NF-kappaB activation during Rickettsia rickettsii infection of endothelial cells involves the activation of catalytic IkappaB kinases IKKalpha and IKKbeta and phosphorylation-proteolysis of the inhibitor protein IkappaBalpha

Abstract

Rocky Mountain spotted fever, a systemic tick-borne illness caused by the obligate intracellular bacterium Rickettsia rickettsii, is associated with widespread infection of the vascular endothelium. R. rickettsii infection induces a biphasic pattern of the nuclear factor-kappaB (NF-kappaB) activation in cultured human endothelial cells (ECs), characterized by an early transient phase at 3 h and a late sustained phase evident at 18 to 24 h. To elucidate the underlying mechanisms, we investigated the expression of NF-kappaB subunits, p65 and p50, and IkappaB proteins, IkappaBalpha and IkappaBbeta. The transcript and protein levels of p50, p65, and IkappaBbeta remained relatively unchanged during the course of infection, but Ser-32 phosphorylation of IkappaBalpha at 3 h was significantly increased over the basal level in uninfected cells concomitant with a significant increase in the expression of IkappaBalpha mRNA. The level of IkappaBalpha mRNA gradually returned toward baseline, whereas that of total IkappaBalpha protein remained lower than the corresponding controls. The activities of IKKalpha and IKKbeta, the catalytic subunits of IkappaB kinase (IKK) complex, as measured by in vitro kinase assays with immunoprecipitates from uninfected and R. rickettsii-infected ECs, revealed significant increases at 2 h after infection. The activation of IKK and early phase of NF-kappaB response were inhibited by heat treatment and completely abolished by formalin fixation of rickettsiae.
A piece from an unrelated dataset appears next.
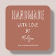Customizable modern minimalist handmade by stickers. Features modern white typography on a modern terracotta orange background. Add your website address or social media handle to promote your business.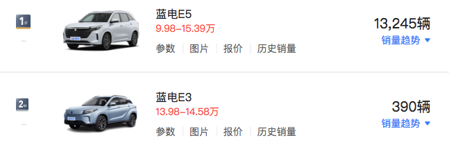 其中,藍電汽車是賽力斯旗下智能電動汽車品牌,于2023年發(fā)布。作為背靠賽力斯的子品牌,目前藍電汽車已推出藍電E5、藍電E5 PLUS和藍電E3車型。不過,不同于問界汽車定位高端智慧新能源車,藍電汽車定位智能電動汽車普及者,售價更親民,主要集中在10至15萬元的大眾消費市場。但在市場知名度以及銷量層面,藍電汽車遠不及問界汽車。零售數(shù)據(jù)顯示,今年前8月,藍電E5累計銷量為1.32萬輛;藍電E3為390輛。相比之下,今年前8月,問界旗下M9、M8、M7累計銷量分別達8.26萬輛、7.83萬輛和4.18萬輛。

The IKK inhibitors parthenolide and aspirin blocked the activities of infection-induced IKKalpha and IKKbeta, leading to attenuation of nuclear translocation of NF-kappaB. Also, increased activity of IKKalpha was evident later during the infection, coinciding with the late phase of NF-kappaB activation. Thus, activation of catalytic components of the IKK complex represents an important upstream signaling event in the pathway for R. rickettsii-induced NF-kappaB activation. Since NF-kappaB is a critical regulator of inflammatory genes and prevents host cell death during infection via antiapoptotic functions, selective inhibition of IKK may provide a potential target for enhanced clearance of rickettsiae and an effective strategy to reduce inflammatory damage to the host during rickettsial infections.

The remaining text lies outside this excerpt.